Fiver, have you got the upper knee plates (the ones that sit below the legs and are pinned to the waist plate) with the curvy side inward? I put them the other way round by accident when I was doing a stack up and it threw the legs way out.

Having said that the knee sections down on my kit really want to try and sit further apart than they should. Once I have opened up the parts inside for running wiring I'm going to glue the tread and knee sections together and clamp everything square and leave it for a day, so it all (hopefully) will end up right.


----------



## djnick66 (May 2, 2008)

OzyMandias said:


> We have been spoiled by the tremendous advances in design and manufacture of plastic kits today. So long as every company strives to improve their product and minimise problems, we cant ask much more.
> 
> I console myself by remembering what the Robot kit looked like when Aurora released it!


Sadly the Aurora kit, while less accurate in some details, was better engineered in the feet area than the new kit.


----------



## Chrisisall (May 12, 2011)

djnick66 said:


> Sadly the Aurora kit, while less accurate in some details, was better engineered in the feet area than the new kit.


Well, in the OLD days artists had to engineer the moulds as well. Everything done by hand. You necessarily lose some of that genius when computers come into play- it's just gonna happen.


----------



## Fiver (Aug 30, 2002)

OzyMandias said:


> Fiver, have you got the upper knee plates (the ones that sit below the legs and are pinned to the waist plate) with the curvy side inward? I put them the other way round by accident when I was doing a stack up and it threw the legs way out.
> 
> Having said that the knee sections down on my kit really want to try and sit further apart than they should. Once I have opened up the parts inside for running wiring I'm going to glue the tread and knee sections together and clamp everything square and leave it for a day, so it all (hopefully) will end up right.
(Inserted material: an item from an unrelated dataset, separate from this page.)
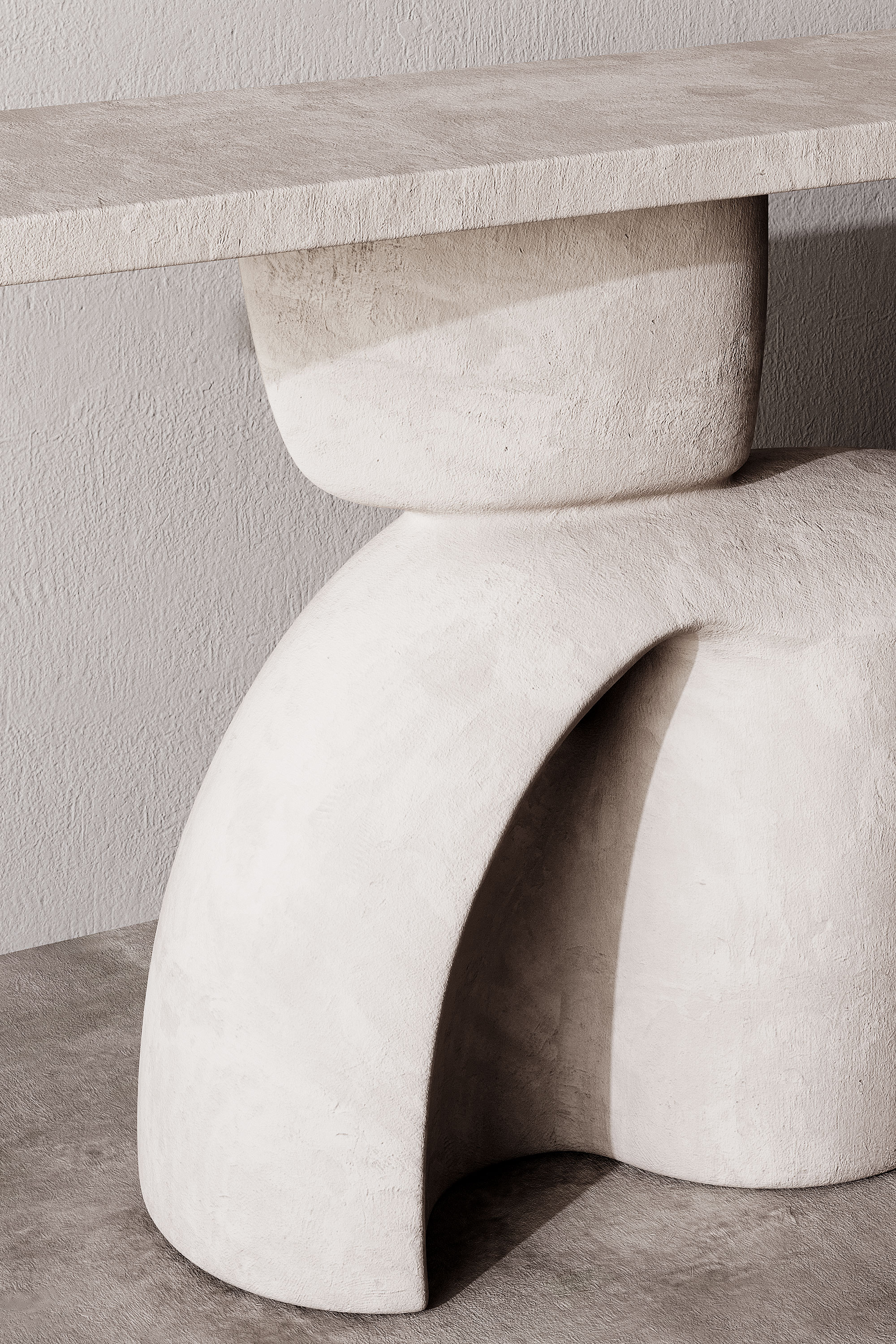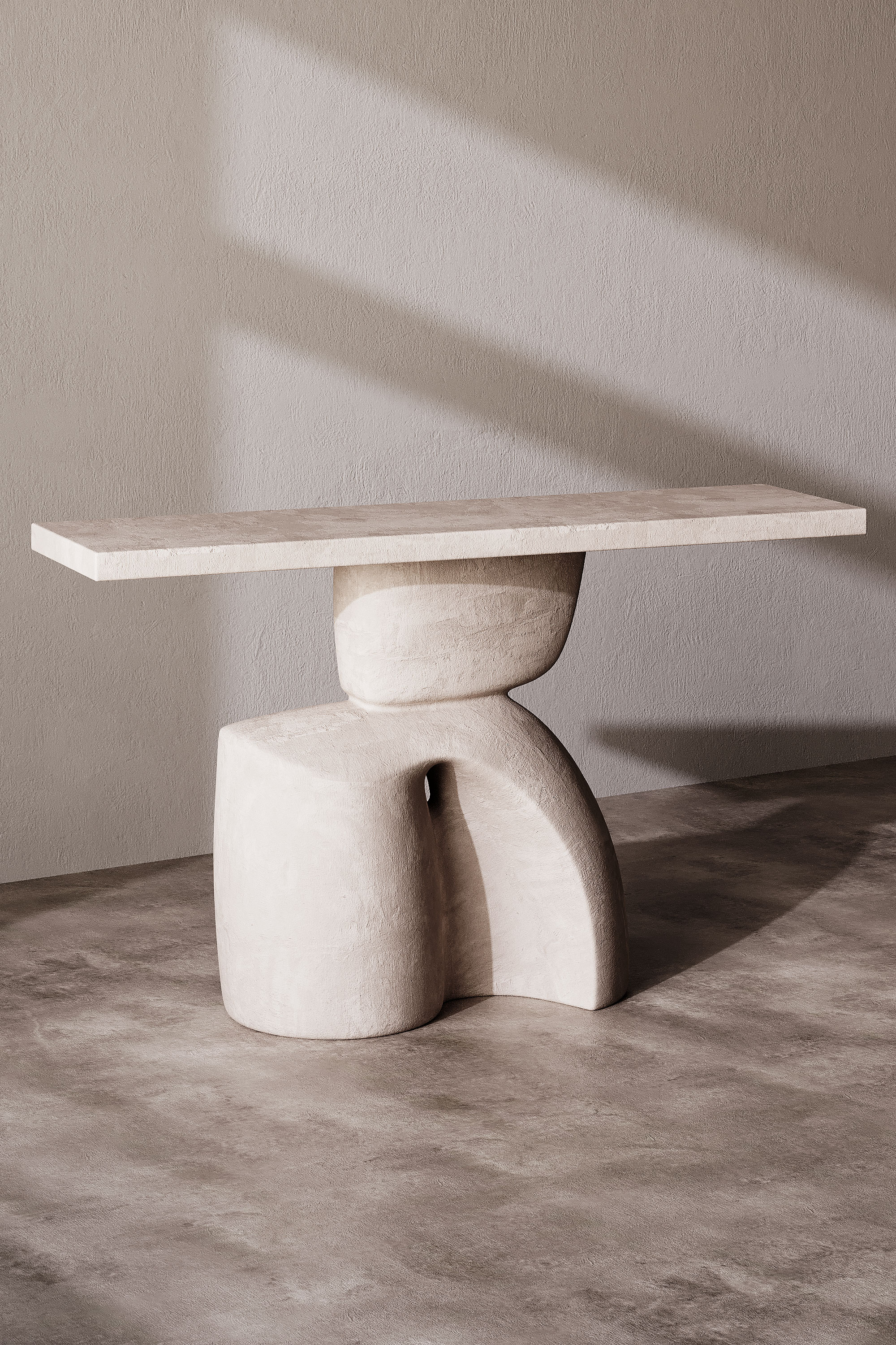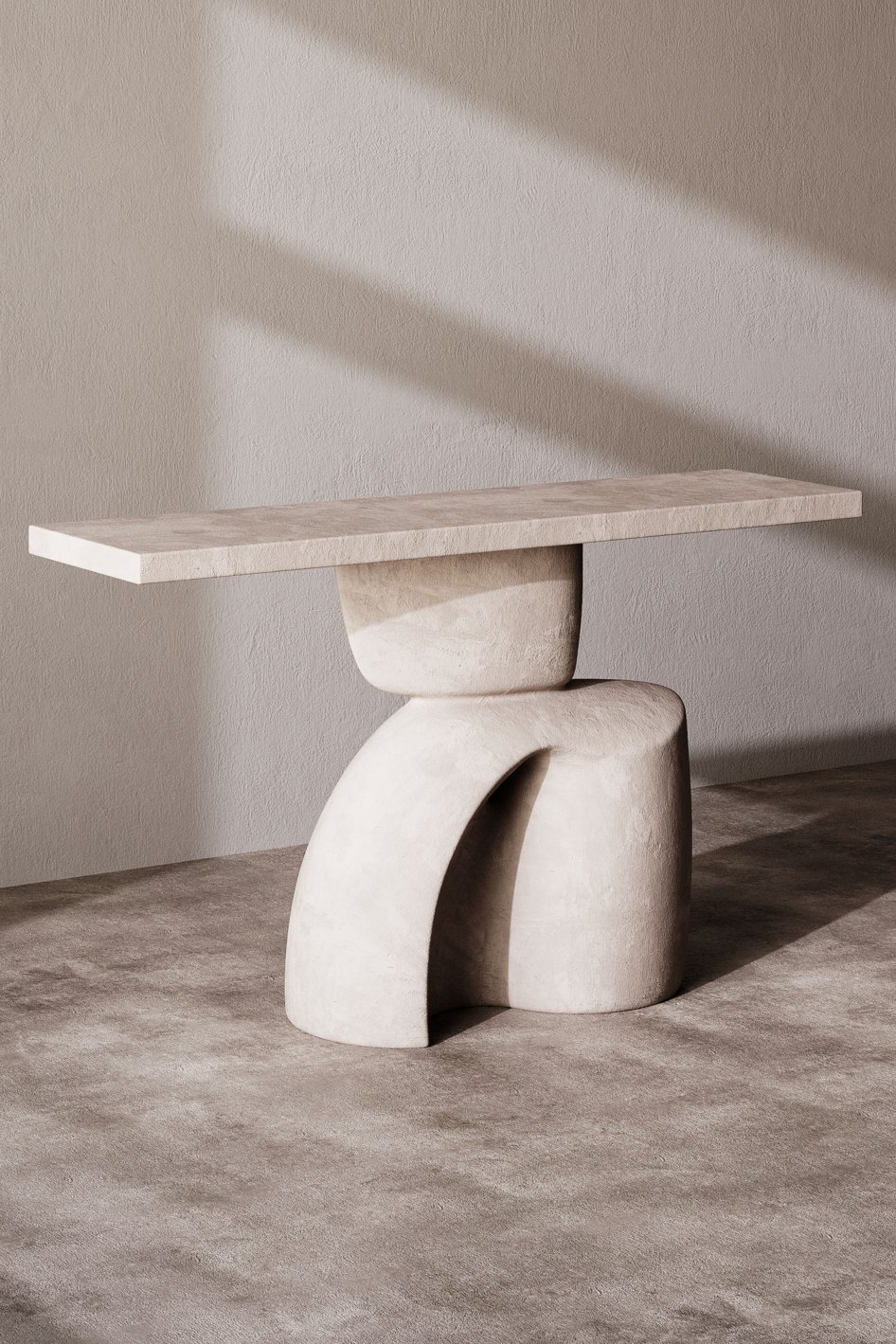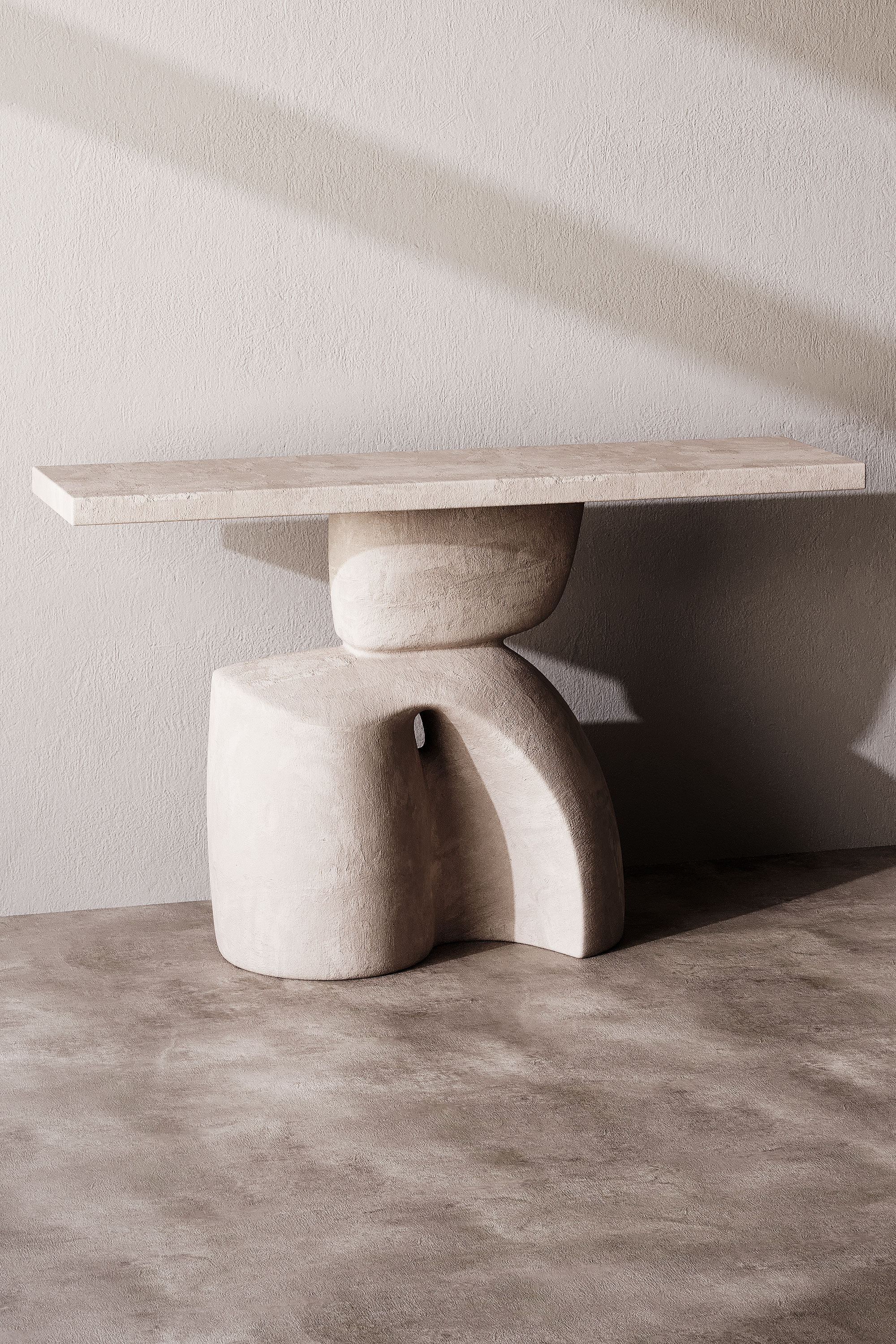 Минималистичный консольный стол из камня с выразительной скульптурной опорой. Дизайн выполнен в современном и арт-стиле, сочетая простую прямоугольную столешницу и массивное абстрактное основание с плавными формами. Матовая каменная поверхность с легкой фактурой придает модели натуральность и премиальный вид. Консоль отлично подойдет для современных, минималистичных и wabi-sabi интерьеров, а также для арт-пространств и дизайнерских проектов.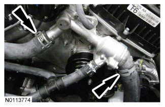38. Connect the upper and lower radiator hoses to the thermostat housing.

 As I said; so far I've only done a test fit but I did indeed make certain everything was where it was supposed to be. I'm going to do the same thing...possibly even try heating the part in warm water to reposition it. 

We shall see...

Pax,

Fiver


----------



## Josellas (May 20, 2004)

Hi guys, In aligning the booties of the robot I had to eyeball it, then I used exclusively, applications of Testors White putty for the smoothing of the gaps between the pieces.Sanding and patience for multiple applications was a requirement. It turned out very good in the long run.
As for the soil sampler, I sanded the sides down a bit on the tube and then after painting it Krylon Metallic Matte Aluminum,I put a thin coat of vaseline on it. It made it a lot easier to slide in and out.Yes, the boots took a long time in assembly and painting, but it all turned out very well.


----------



## Tiberious (Nov 20, 2001)

How is everyone doing with the bubble? A friend told me the seam was bad but I thought this had been minimized. Got mine on order but a build is a long way off. 

Tib


----------



## OzyMandias (Dec 29, 2004)

Tib, I'm nowhere near buttoning up the bubble yet, but I have cleaned up the injection points, which I think were way thicker than they needed to be, leaving a couple of ugly scars on the edges of the parts.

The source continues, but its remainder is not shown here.